US leads concern over WHO-backed Covid origins report
WASHINGTON: The United States led a chorus of concern on Tuesday over a WHO-backed report into the origins of the coronavirus in China, with accusations swirling that Beijing failed to give proper access to investigators.
The United States released a statement with 13 of its allies -- Britain, Japan and Australia among them -- saying the inquiry had lacked the data and samples it needed.
World Health Organization chief Tedros Adhanom Ghebreyesus had earlier made a similar criticism, saying the team he dispatched to Wuhan had found it difficult to get raw data.
Neither Tedros nor the US-led statement mentioned China directly, but the country's foreign ministry hit back at the perceived criticism from the WHO chief, saying that Beijing had demonstrated "its openness, transparency and responsible attitude."

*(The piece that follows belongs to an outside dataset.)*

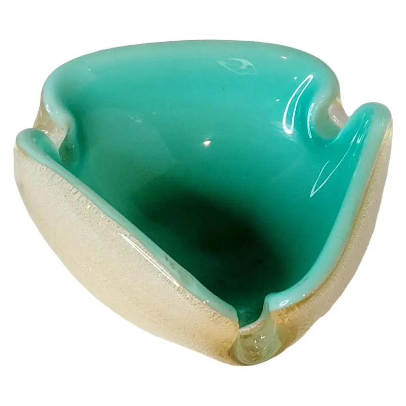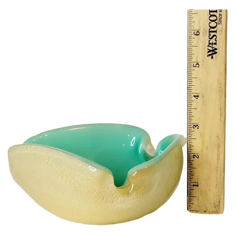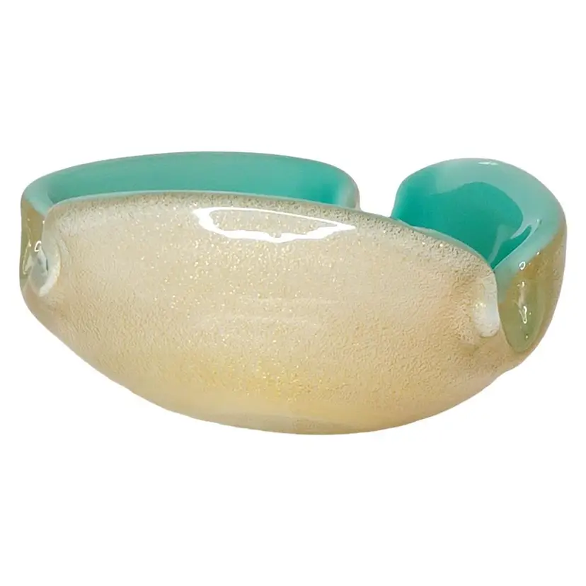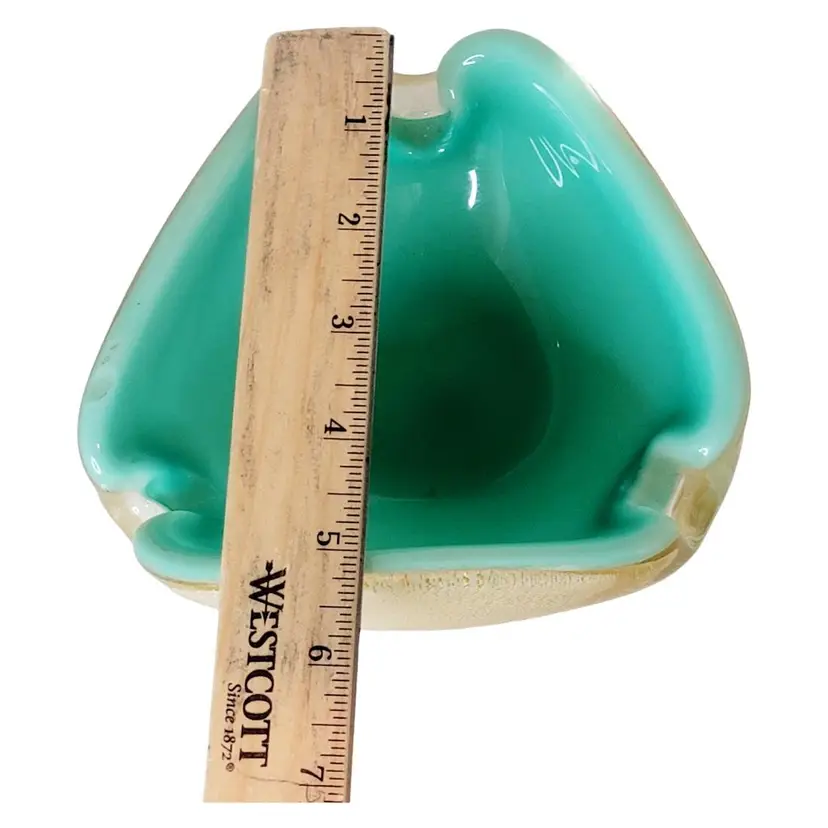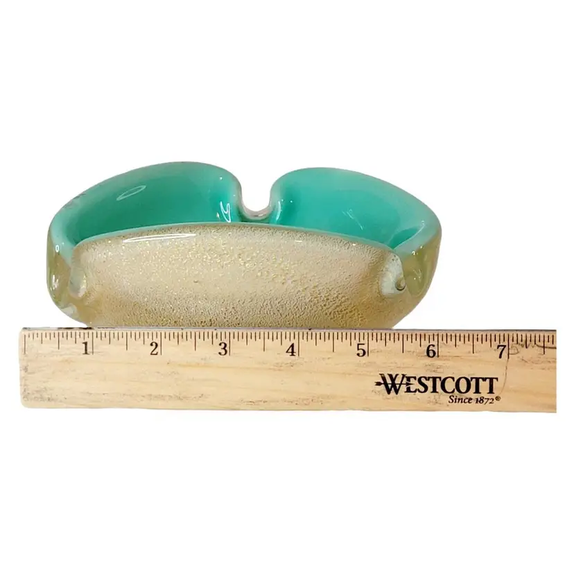 Seguso Murano Aqua Green Celadon Gold Flecks Italian Art Glass Dish Bowl Ashtray 5" long 6" wide 2.5" tall

"To politicize this issue will only severely hinder global cooperation in study of origins, jeopardize anti-pandemic cooperation, and cost more lives," the ministry said in a statement.
The European Union called the report a "helpful first step" but highlighted "the need for further work," urging "relevant authorities" to help.
Mike Pompeo, the former top US diplomat under Donald Trump, blasted it as a "sham" and part of a "disinformation campaign," accusing the WHO of being in cahoots with the Chinese Communist Party.
Trump had promoted a theory that the virus could have leaked from a lab in Wuhan, which the WHO-backed experts dismissed in their report.
But Tedros stressed that "all hypotheses are open, from what I read from the report... and warrant complete and further studies."